Gubeila fa notare che proprio da questo tipo di incontri possono nascere alternative valide e propositive. Cita come necessario lo sblocco dei corsi di Accompagnatori di Media Montagna in Friuli (persone che accompagnano i turisti anche nel periodo invernale), il finanziamento delle strutture esistenti in quota per migliorarle e permetterne l’apertura durante tutto l’anno. La pandemia ha permesso a tanti di frequentare la montagna, esempi come il wild trek della Saisera (investimenti pari a zero e impatto ambientale basso)

porterebbero lo stesso afflusso di turisti. Le alternative allo sci da discesa ci sono: trekking, ciaspole, fondo.. Ad esempio fare il percorso del Camet e pubblicizzarlo. Sempre il sentiero dell’avvento a Valbruna ha portato numeri incredibili di persone con un investimento irrisorio. Questi modelli devono essere presi ad esempio per ripartire con un’offerta turistica meno invasiva per il territorio ed economicamente sostenibile per le finanze pubbliche.

Maurizio Ponton auspica la creazione di un geoparco friulano per la tutela di Canin – Foran dal Mus . Montasio e territori contermini. Inoltre si propone una pagina FB comune per accomunare tutti i partecipanti sensibili a queste tematiche, seppur appartenenti a diverse associazioni.

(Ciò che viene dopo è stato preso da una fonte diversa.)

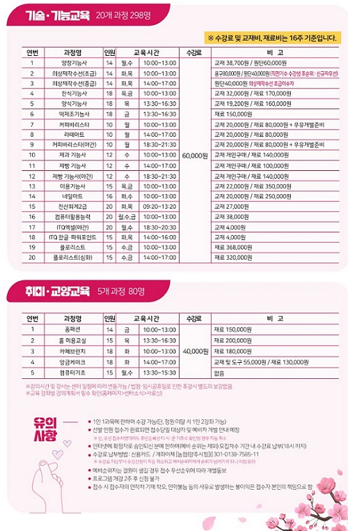 ±³À° ±â°£Àº ¿À´Â 5¿ù 7ÀϺÎÅÍ 8¿ù 23ÀϱîÁö ÃÑ 16ÁÖ°£ ´ë¸é ±³À°À¸·Î ÁøÇàµÉ ¿¹Á¤ÀÌ¸ç ¾çÀå±â´É»ç, ÄÄÇ»ÅÍȰ¿ë´É·Â µî ÀÚ°ÝÁõ Ãëµæ °úÁ¤ÀÎ ±â¼ú‧±â´É±³À° 20°³ °úÁ¤°ú ȨÆÐ¼Ç, ¾Ó±Ý ÄÉÀÌÅ© µî Ãë¹Ì·±³¾ç±³À° 5°³ °úÁ¤À¸·Î ±¸¼ºµÆ´Ù.

Anche una guida alpina locale riafferma che il Montasio può vivere di turismo di qualità, non certo con l’apertura dell’ennesimo impianto a bassa quota ed esposto a meridione. Durante una giornata invernale ha conteggiato gli sci alpinisti sui Piani del Monatasio e, sceso a valle, il numero di questi ultimi era lo stesso degli sciatori in pista. Questa cosa deve fare pensare i nostri dirigenti, l’alternativa allo sci alpino esiste, basta metterlo in pratica.

L’incontro è durato circa 2 ore, con una cinquantina di partecipanti nonostante il meteo avverso. Auspichiamo una partecipazione ancora maggiore ai prossimi incontri che, senza dubbio, verranno organizzati.